QML receives a C++ object

SteMMo

Hi all,
in my application I have a QML front-end where the user types a code.
This code is checked against a list of values read on a database using C++ code.
Now I'm able to recall the Q_INVOKABLE C++ function to query the database.
The function returns an object containing the result and QML code should check the data and decide how to go on.
I'm not able to use this object.

var r = ds.checkCode( TipoPrenotazione.TIPO_RITIRO, edtCodicePrenotazione.text)
console.log("ret: "+r)
if (r===null)
         txtMsg.text = "Prenotazione not found"
else {
         console.log("Trovata!", r)
         txtMsg.text = "Prenotazione found !"
         console.log(r._cassetto) //??
}

In the debug window I see:

[DataSource] p: Prenotazione(0x8098b118)
qml: ret: Prenotazione(0x8098b118)
qml: Trovata! Prenotazione(0x8098b118)
qml: undefined

So the object is correct but how to access it ?
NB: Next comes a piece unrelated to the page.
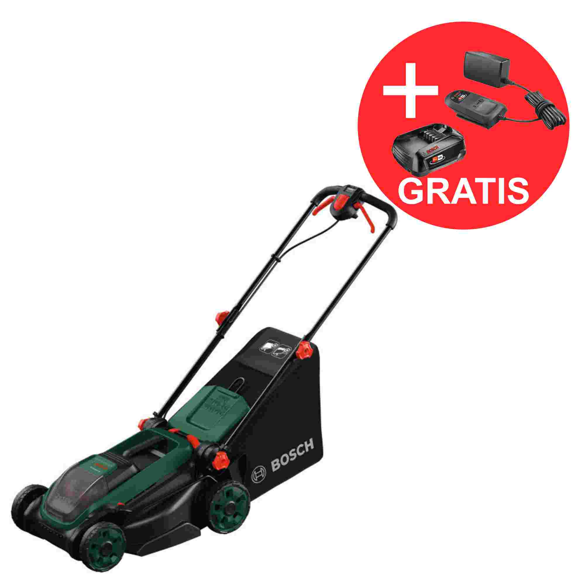 Produktbeschreibung: Akku-Rasenmäher ROTAK18V2-38. Kraftvoller 3-in-1-Mäher mit 38-cm-Messer für mittelgroße bis größere Rasenflächen. 2 x 18V-Akkus liefern die Kraft eines 36V-Systems und sorgen für eine längere Laufzeit. Bürstenloser Motor für hervorragende Leistung und eine längere Lebensdauer. Magnetisch gehaltenes Ablenkblech für die einhändige Entleerung des Grasfangkorbs. Klappbarer Griff und vertikale Lagerung für platzsparende Aufbewahrung. 6-stufige, zentrale Schnitthöhenverstellung (30-75 mm). Syneon-Technologie für optimale Laufzeit und Langlebigkeit des Werkzeugs. POWER FOR ALL ALLIANCE: 1 Akku, 10+ Marken, 150+ Produkte.Technische Daten: „Efficient Energy Management“: nein Rasenkamm: nein Integrierter Tragegriff: nein Ladezustandsanzeige: nein QuickClick: nein LeafCollect: nein Große 50-l-Fangbox: nein Große 43 cm Schnittbreite: nein Füllstandsanzeige: nein Im Set mit 2. Akku: nein Lieferung ohne Akku und Ladegerät: nein Werkzeugabmessungen (L x B x H): 1430 x 440 x 1060 mmLieferumfang: 1x Bosch Akku-Rasenmäher ROTAK 18V2-38 1x Bosch Starter-Set 18V Alliance: 1x 2,5 Ah und Ladegerät AL 18V-20 (1600A02625)

I'm wondering if this flow is correct ...
Thanks

sierdzio

@SteMMo said in QML receives a C++ object:

So the object is correct but how to access it ?
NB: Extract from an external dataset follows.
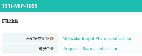 LNTH-1095(也称为MIP-1095)是一种靶向PSMA、碘-131标记的小分子放射性配体药物,被开发用于治疗mCRPC。该疗法将PSMA靶向配体LNTH-1095与发射β射线的放射性同位素碘-131结合,旨在将一定剂量的β射线直接递送到前列腺癌细胞,且对周围健康组织的影响最小。目前,LNTH-1095正在美国和加拿大开展一项2期临床试验(ARROW研究,NCT03939689)。该研究是一项多中心随机对照研究,旨在评估放射性药物LNTH-1095与恩扎卢胺联合治疗mCRPC的有效性与安全性。药融圈旗下药融云数据www.pharnexcloud.com显示,该药物来自于Lantheus在2020年收购的Progenics公司,首家研发企业为Molecular Insight Pharmaceuticals,该公司在2013年被Progenics收购。

Is _cassetto a Q_PROPERTY? You can only access Q_INVOKABLE methods and Q_PROPERTY values from QML.

raven-worx

@SteMMo said in QML receives a C++ object:

console.log(r._cassetto) //??

i am not sure if it also applies to properties of QObjects, but for QML defined properties the property name MUST begin with a lowercase letter:

Property names must begin with a lower case letter and can only contain letters, numbers and underscores

SteMMo

@sierdzio
yes it is.
But the key is: when I wrote the QML code and I use the r object, I cannot see its members.
My guess is that the QML editor is not able to know the type of the returned object and I cannot define the r variable as Prenotazione.
The runtime pointer is correct but the code is not able to locate 'cassetto'.
Now I defined it as:

Q_PROPERTY(int cassetto MEMBER _cassetto READ cassetto)

and added

int cassetto() { return _cassetto; };

thanks

sierdzio

Q_PROPERTY(int cassetto MEMBER _cassetto READ cassetto)
               ^ this is your property name

It does not matter how your member variable is named, do not use it in QML! What QML sees is the property name (first string after type in Q_PROPERTY invokation).